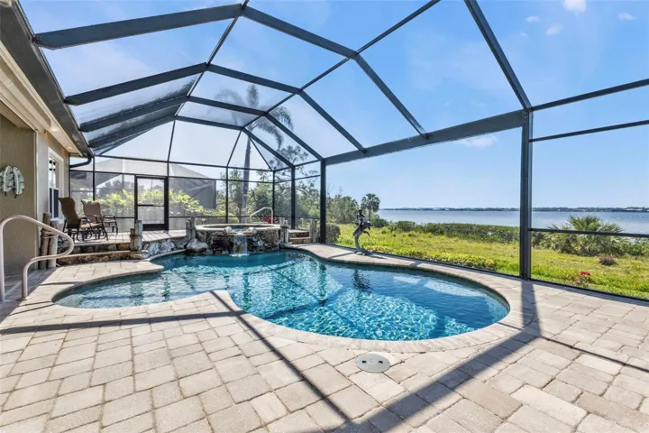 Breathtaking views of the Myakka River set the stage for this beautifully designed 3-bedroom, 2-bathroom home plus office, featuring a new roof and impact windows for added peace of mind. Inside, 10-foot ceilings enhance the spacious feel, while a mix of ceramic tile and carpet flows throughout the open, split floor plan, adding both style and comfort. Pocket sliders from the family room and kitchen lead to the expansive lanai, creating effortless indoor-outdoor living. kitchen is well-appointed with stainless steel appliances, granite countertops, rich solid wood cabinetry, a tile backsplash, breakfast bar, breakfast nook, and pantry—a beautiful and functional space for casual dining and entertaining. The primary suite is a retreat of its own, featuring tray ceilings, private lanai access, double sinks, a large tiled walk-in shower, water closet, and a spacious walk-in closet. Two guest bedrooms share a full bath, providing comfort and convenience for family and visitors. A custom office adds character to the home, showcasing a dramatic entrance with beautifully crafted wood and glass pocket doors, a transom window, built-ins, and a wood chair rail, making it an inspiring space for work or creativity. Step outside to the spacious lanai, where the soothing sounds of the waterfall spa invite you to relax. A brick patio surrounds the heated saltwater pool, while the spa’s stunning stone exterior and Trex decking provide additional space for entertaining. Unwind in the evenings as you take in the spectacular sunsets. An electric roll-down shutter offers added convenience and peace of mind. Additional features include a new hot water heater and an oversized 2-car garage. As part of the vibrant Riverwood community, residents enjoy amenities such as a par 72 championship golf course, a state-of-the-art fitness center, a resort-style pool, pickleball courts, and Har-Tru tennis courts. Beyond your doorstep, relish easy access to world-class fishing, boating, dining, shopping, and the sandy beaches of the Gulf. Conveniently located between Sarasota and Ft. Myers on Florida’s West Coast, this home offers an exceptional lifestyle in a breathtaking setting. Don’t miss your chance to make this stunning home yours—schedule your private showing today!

---

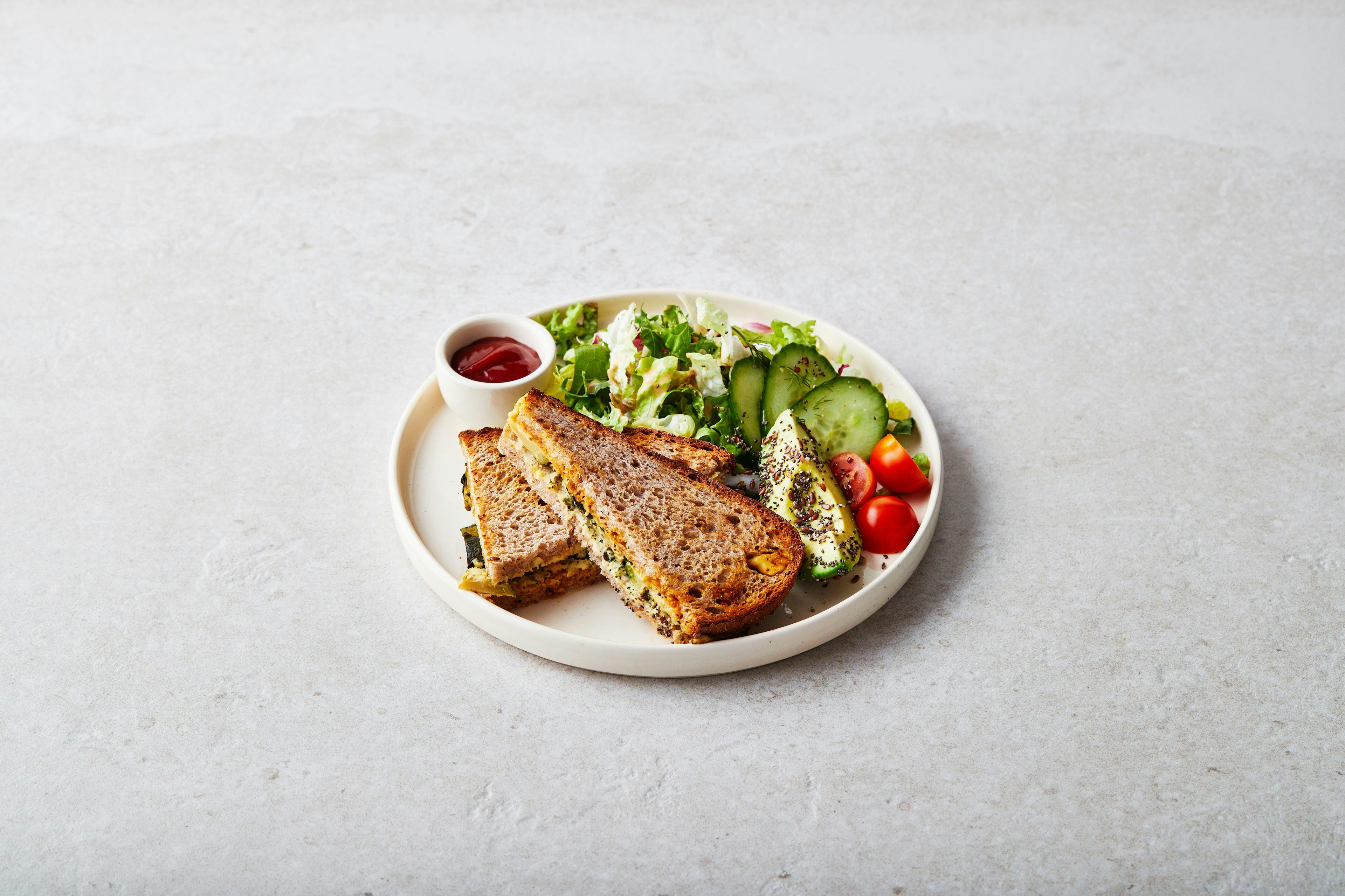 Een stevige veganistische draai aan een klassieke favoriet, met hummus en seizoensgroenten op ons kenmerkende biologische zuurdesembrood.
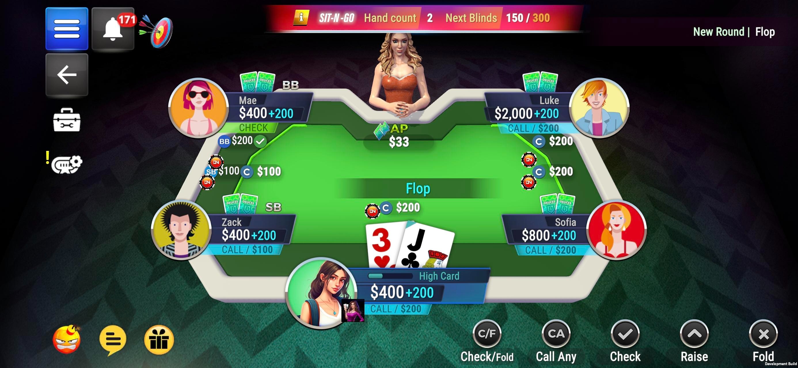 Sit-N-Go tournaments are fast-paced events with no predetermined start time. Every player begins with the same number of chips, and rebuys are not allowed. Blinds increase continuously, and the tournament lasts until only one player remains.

--

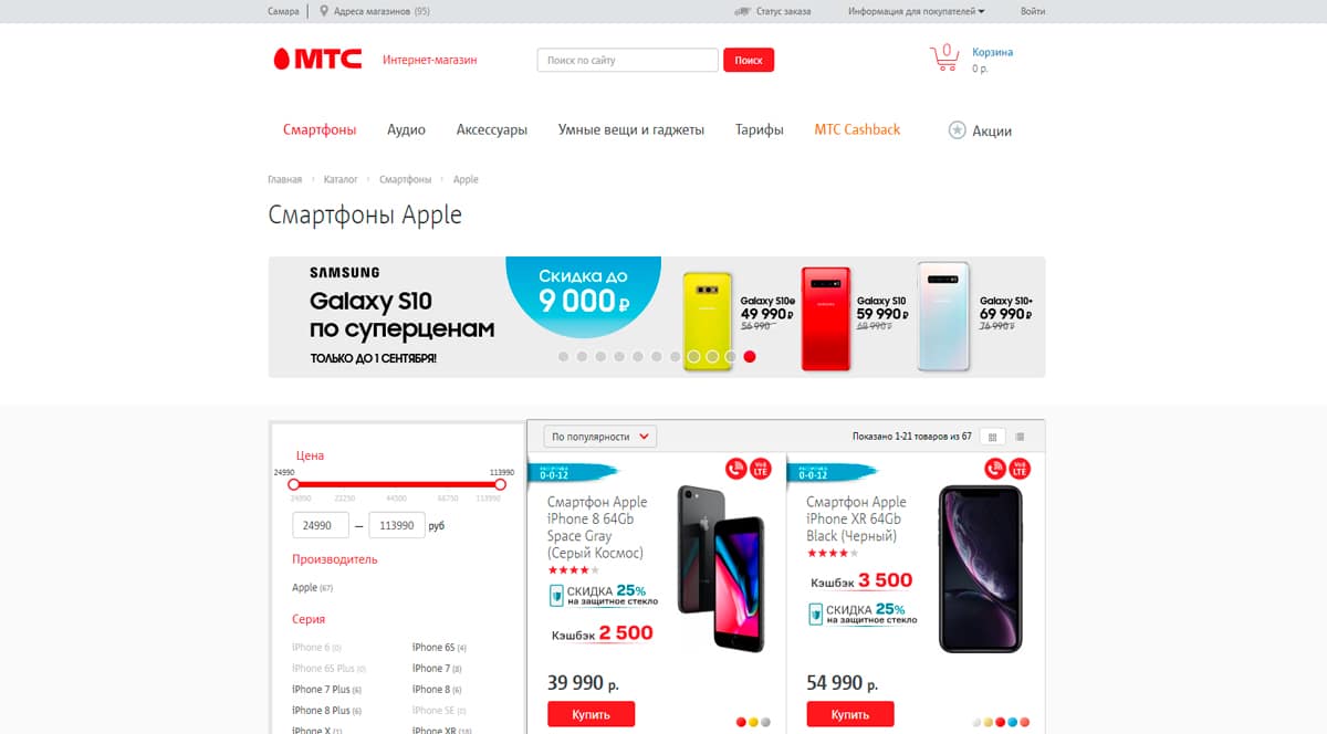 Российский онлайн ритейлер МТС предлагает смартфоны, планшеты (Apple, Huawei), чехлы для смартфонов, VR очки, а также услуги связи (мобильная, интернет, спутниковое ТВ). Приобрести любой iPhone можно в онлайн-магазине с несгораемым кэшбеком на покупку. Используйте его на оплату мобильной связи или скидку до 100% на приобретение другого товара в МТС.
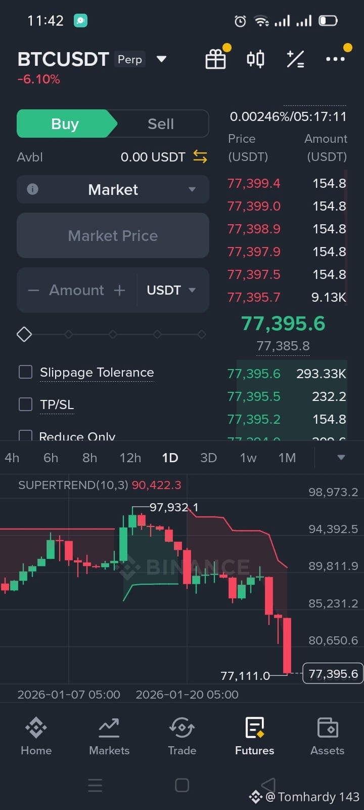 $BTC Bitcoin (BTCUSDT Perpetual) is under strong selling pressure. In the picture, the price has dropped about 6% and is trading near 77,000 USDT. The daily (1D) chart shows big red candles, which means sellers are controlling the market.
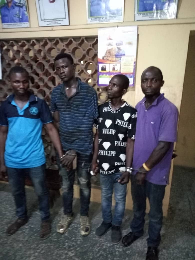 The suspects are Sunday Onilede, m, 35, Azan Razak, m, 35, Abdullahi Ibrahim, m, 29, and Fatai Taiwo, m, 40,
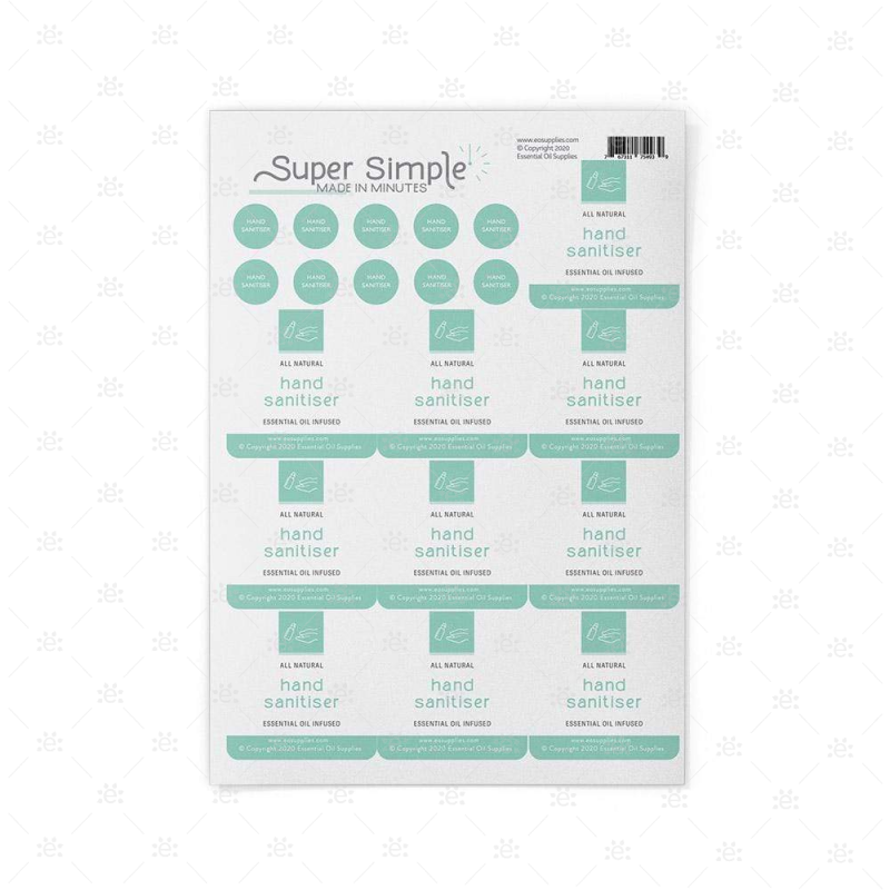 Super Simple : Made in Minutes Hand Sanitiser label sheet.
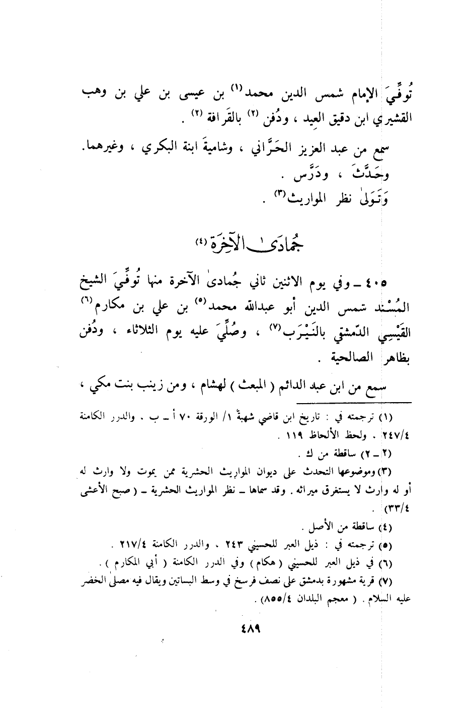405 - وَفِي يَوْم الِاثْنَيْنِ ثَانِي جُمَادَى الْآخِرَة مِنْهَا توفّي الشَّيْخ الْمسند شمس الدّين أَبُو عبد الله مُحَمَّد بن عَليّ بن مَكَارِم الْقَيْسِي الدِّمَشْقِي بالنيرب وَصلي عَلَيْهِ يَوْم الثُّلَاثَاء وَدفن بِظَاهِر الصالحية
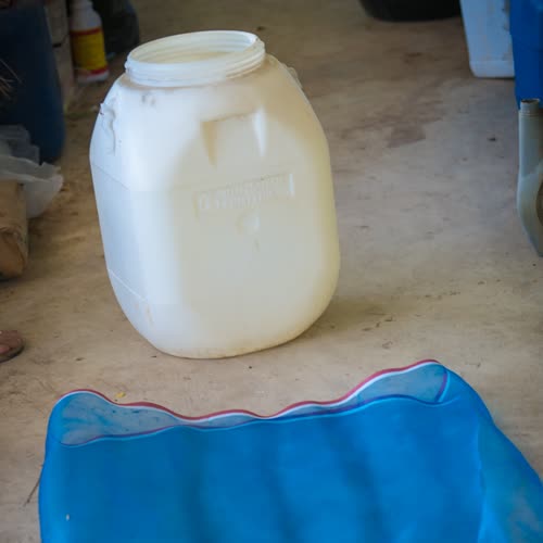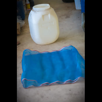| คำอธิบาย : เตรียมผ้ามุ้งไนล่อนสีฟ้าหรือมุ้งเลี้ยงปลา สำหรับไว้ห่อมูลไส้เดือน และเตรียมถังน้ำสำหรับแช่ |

**WHAT THE EXERCISE ASKS**
In the listing above, find the line with "controlling the market." and the line with "The suspects are". Output both, plus every line between them, and no pictures.

**SOLUTION TO THIS PROBLEM**
 $BTC Bitcoin (BTCUSDT Perpetual) is under strong selling pressure. In the picture, the price has dropped about 6% and is trading near 77,000 USDT. The daily (1D) chart shows big red candles, which means sellers are controlling the market.
 The suspects are Sunday Onilede, m, 35, Azan Razak, m, 35, Abdullahi Ibrahim, m, 29, and Fatai Taiwo, m, 40,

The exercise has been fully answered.